Columnists

From away

Posted: September 12, 2019 at 9:44 am   /   by   /   comments (0)

By the time this paper hits the stands the whole world will be harkening back to the morning of September 11, 2001. Most of us have a picture in our head about what happened that day. The amateur videos of the passenger planes hitting those buildings. On that morning, as New York City was was crumbling, I was at work with my colleagues. The three of us were hellbent to wrap up the season at the County Museums, and put paid to a year fraught with understaffing issues, relentless badgering and harassment by one selfproclaimed chair-of-theboard, budget issues and pressure from “the boss” to make the County’s heritage sites profitable. By mid-afternoon I was at home, on my couch, wondering what the H E double hockey sticks had happened. I’d had a brief meeting with my two co-workers to let them know about my big “boo-hoo”, that I’d had enough of the stress and might have referred to someone as a “pompous buffoon”. By mid-afternoon I was out of a job, at home, blathering on the phone to a friend about my woes. My friend, an OMA advisor, interrupted my fuming and fussing. She more or less told me to stop whining and turn the television on. Apparently, the world had bigger fish than mine to fry. And so it was on September 11, 2001. In less than an hour I realized how truly insignificant my insult and injury really were compared to the people affected by the hijackings, and subsequent crashes, of American Airlines Flight 11, United Airlines Flight 175, American Airlines Flight 77 and United Airlines Flight 93.

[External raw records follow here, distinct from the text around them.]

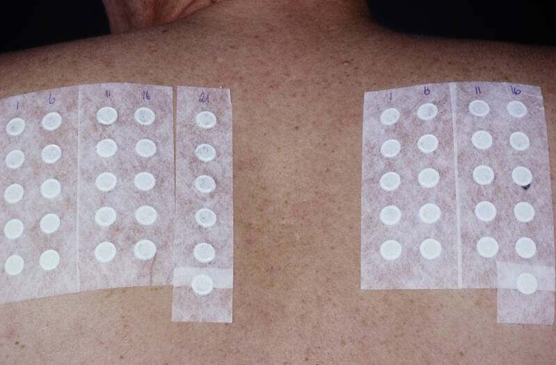 Allergic contact eczema is caused by skin or mucous membrane contact with a substance to which one is allergic, to which one has a contact allergy. The substance that causes the reaction is called the allergen. The definitive diagnosis is made with patch tests, also called epicutaneous allergy tests. A large number of frequent allergens and the patient's contact substances are applied to the back in plastic or aluminum tubs, and fixed with plasters. The materials are removed on day 2 (D2), and the reactions are read half an hour later. A second reading follows on D3 or D4, and if the procedure is performed very well, a third reading follows on day 7, as late reactions (appearing only after D3 or D4) are frequently observed.
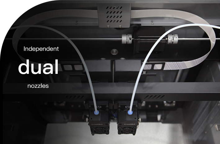 独立型デュアルエクストルーダー(IDEX)を採用することで、F430 NXは圧倒的な造形スピードを獲得。さらに、2つのパーツを同時にプリントできる「コピーモード」や、左右対称のパーツを一度に造形する「ミラーモード」に対応し、生産性を飛躍的に向上させます。短時間で高品質な複数のパーツの造形が必要な企業にとって、まさに理想のプリンターです。
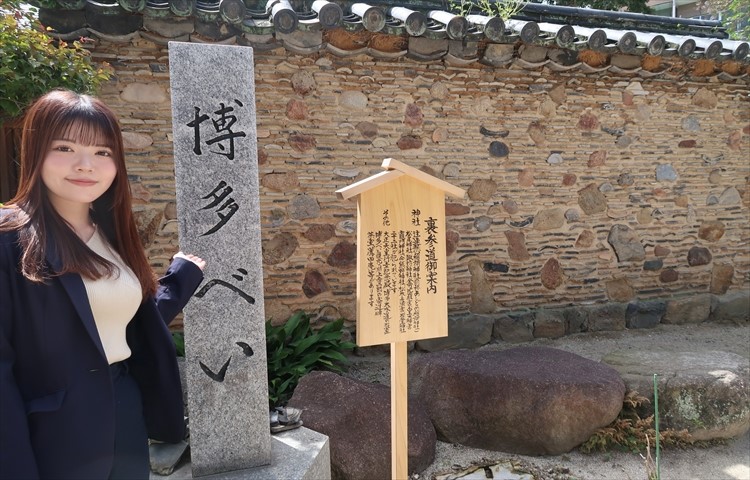 門傅さん:次にご案内するのは「博多べい」です。櫛田神社の「博多べい」は博多三傑の一人嶋井宗室の屋敷で三百八十余年の風雪に耐えた最後の「博多ベい」を移築再建したものなんですよ!
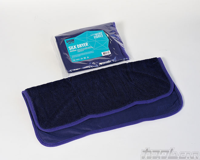 最後の仕上げは吹き上げ。洗車後の拭き取り用マイクロファイバークロスのSILKDRYERを使用。吸水効果が抜群で、塗装面にのせて引き上げるだけ。吹き上げ作業が超楽チンに!
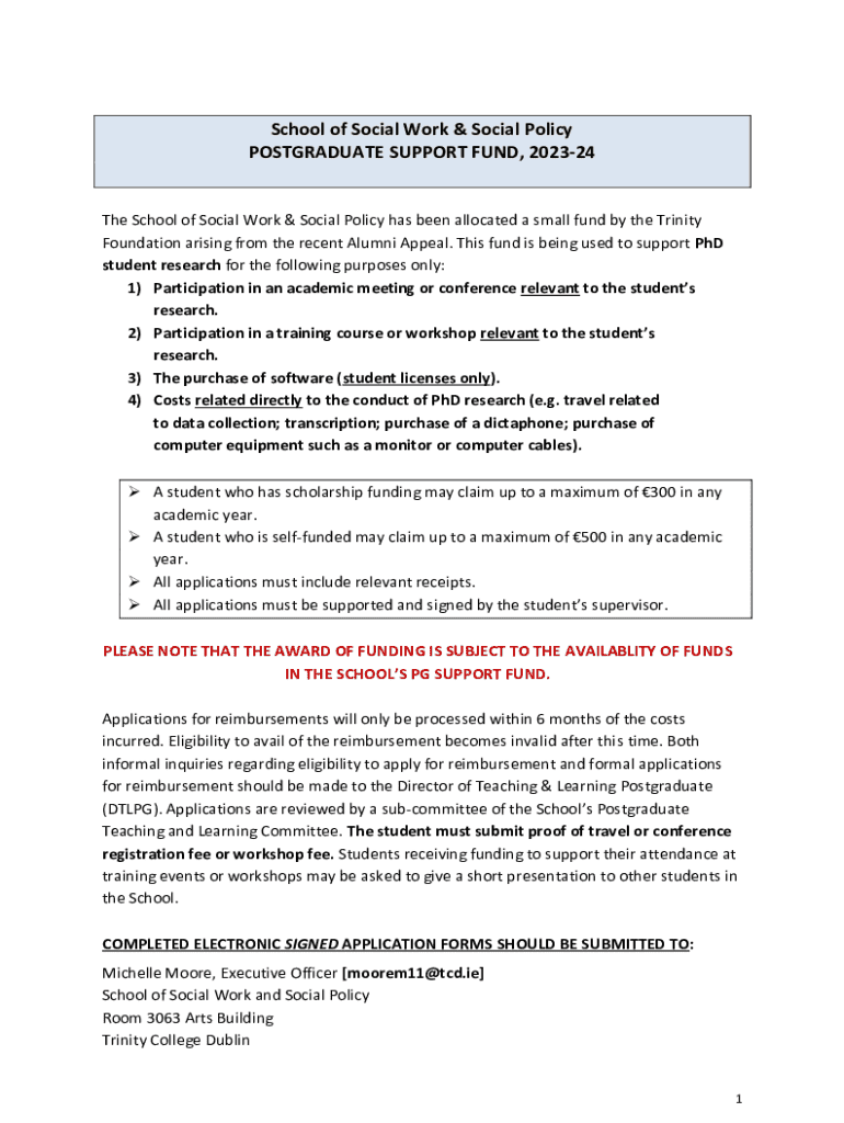 School of Social Work & Social Policy POSTGRADUATE SUPPORT FUND, 202324The School of Social Work & Social Policy has been allocated a small fund by the Trinity Foundation arising from the recent Alumni
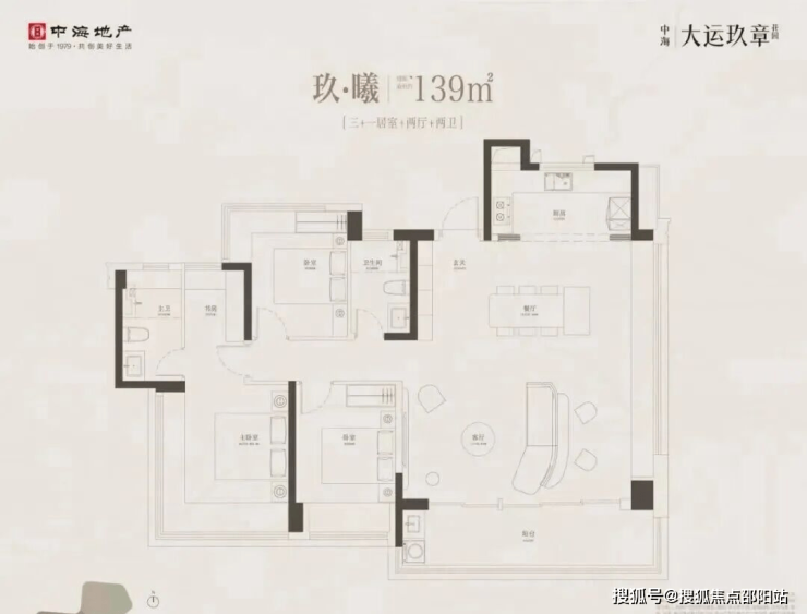 139m²的4房2厅2卫,设计的是竖厅方正大面宽格局,进门入户玄关,客厅7米开间,LDKB一体化设计,超大客厅+餐厅位,还有东北侧超大飘窗景观面,动静分区,三开间朝南,主卧做到了270度转角无柱飘窗,U型厨房,卫生间干湿分离,得房率约93%(包含赠送),客厅正出7米长的超大观景阳台,全部东南朝向,看大运中心+大运公园景观。也可以做5房设计。
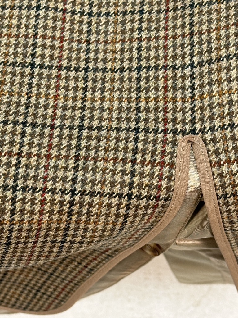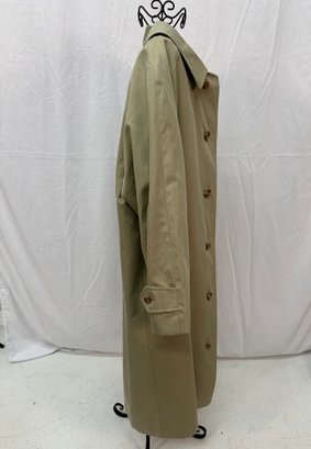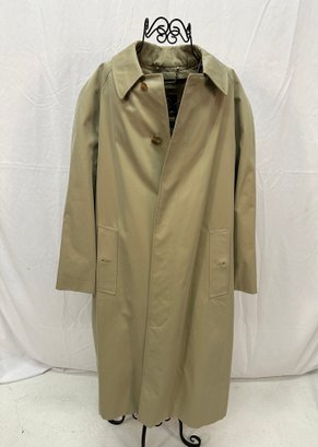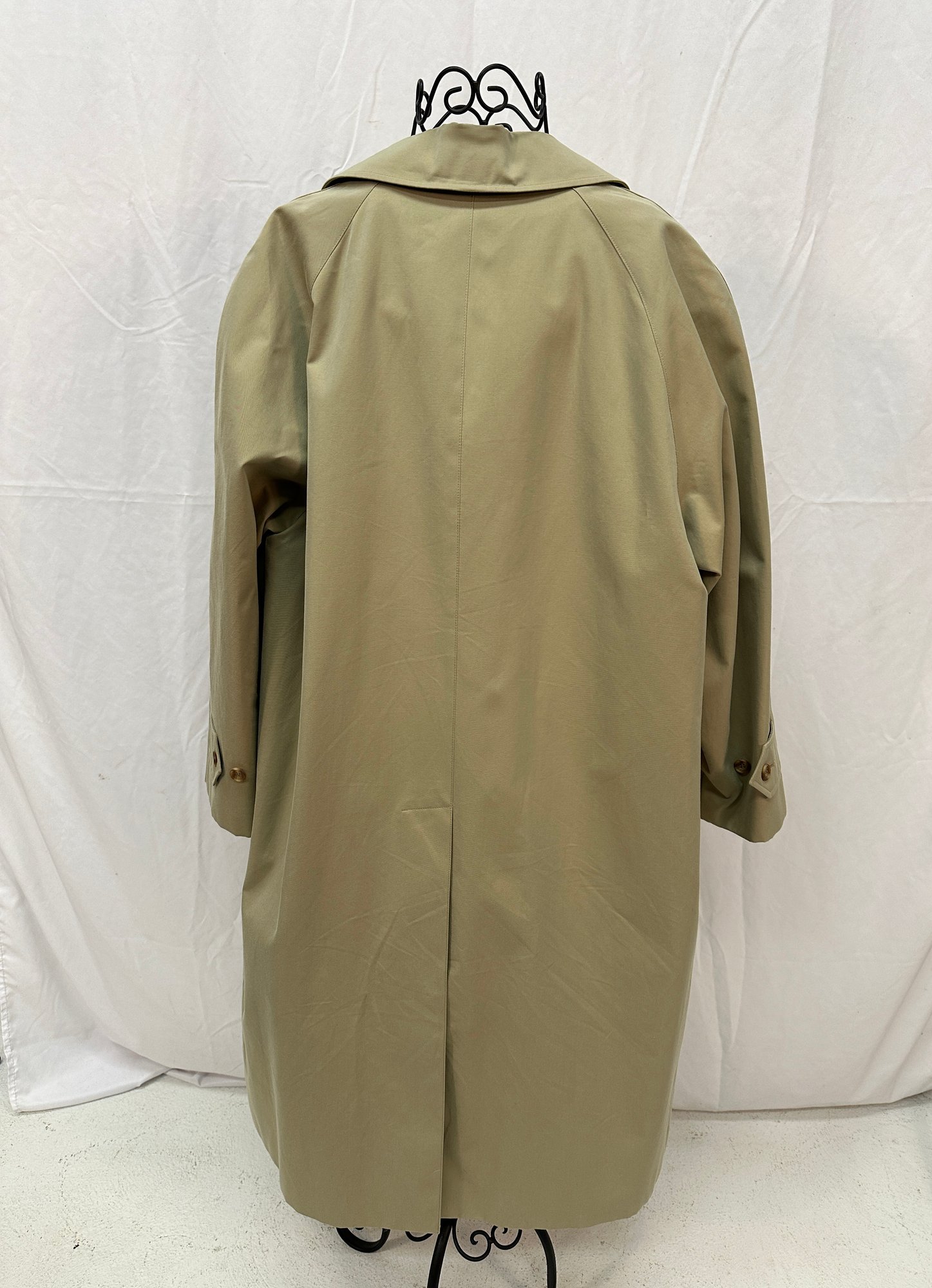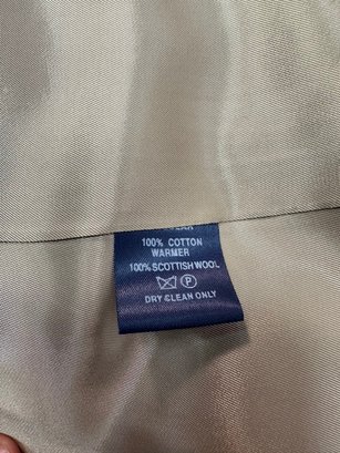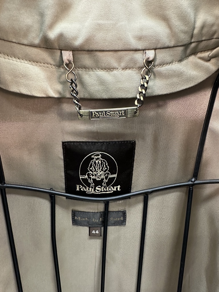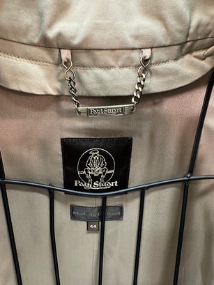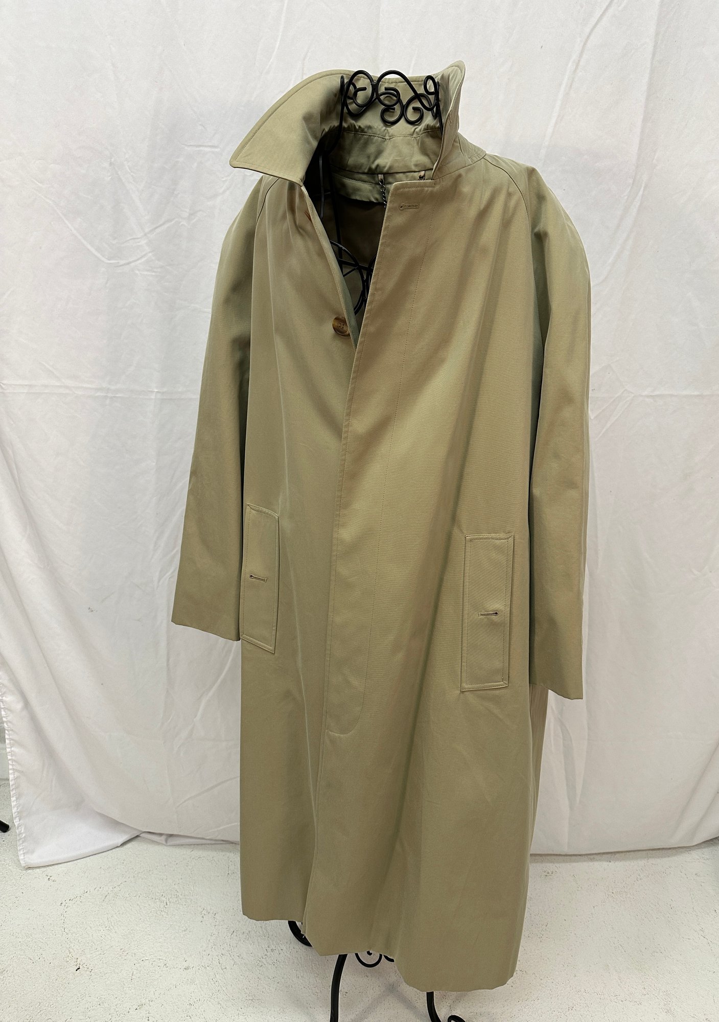 A Paul Stuart trench coat made of cotton, with a houndstooth removable interior wool liner and pockets. Made in England.
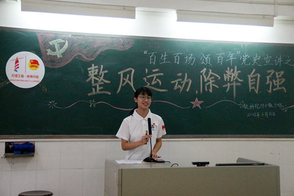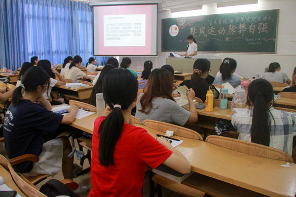 6月18日下午,教科院团委培根宣讲团于第四教学楼713室举行以“整风运动,除弊自强”为主题的培根宣讲会,本次宣讲会由唐汝主讲。19小教3班全体成员现场聆听宣讲。
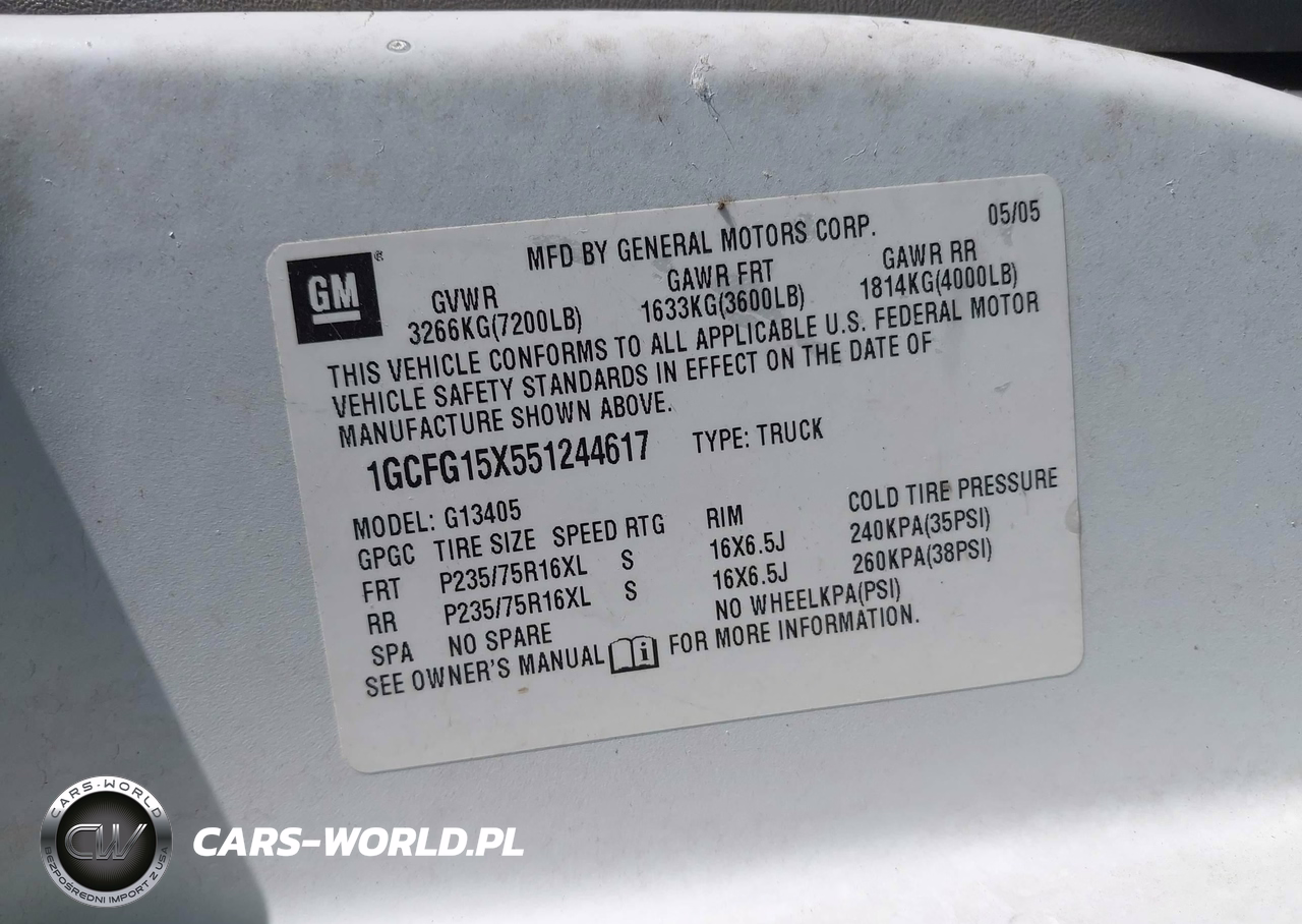 IAAI Nr: I-44832101 VIN: 1GCFG15X551244617 Port: Los Angeles, CA

On September 11, eighteen years later, we still don’t know the true story of what happened in New York City that morning. Like many of you, I’ve read lots of news stories, I’ve listened and watched the broadcast pundits with their best guesses and have wavered back and forth between this assumption and that notion. Most days I lean toward a conspiracy by politicians to garner the limelight and focus the world on their power to make it all better. And, I am still mesmerized by the videos and the first person accounts of the terrorist attack on the US of A. My heart still lurches when I am reminded of the day when so many unsuspecting people, everyday people, were tossed a curve ball. Sometimes I think of all of the times I made my way to “the office” but when all was said and done I went home at the end of my day, safe and sound. On September 11, 2001, I went home a little bit earlier than usual, but I made it home in one piece. While I was muddling through my so-calledlife, hundreds of people were dead or dying or trying to make it out alive. Four crashes, 2,996 fatalities, 6,000 people injured and thousands of people, to this day, living and coping with the aftereffects of that morning.

Those attacks changed the world. From that day forward, getting from here-to-there, wherever a border had to be crossed, is no longer as simple as presenting a visa or a passport. From that day forward, every traveller is a suspect, especially if the traveller didn’t look like “us” or sound like “us”—whatever “us” looks and sounds like. While we didn’t have a border-free world before 9/11, we were less impeded in our travels. In those moments, the idea of welcoming strangers with open arms vanished, almost completely. We are quick to blame outsiders for terrorism, but are blind to the number of domestically spawned terrorist attacks that have happened since 9/11. As we approach October 21st, we must tell our candidates to stop the trash talk about immigrants and refugees. Remind them we are all from another place. “We all came from away”.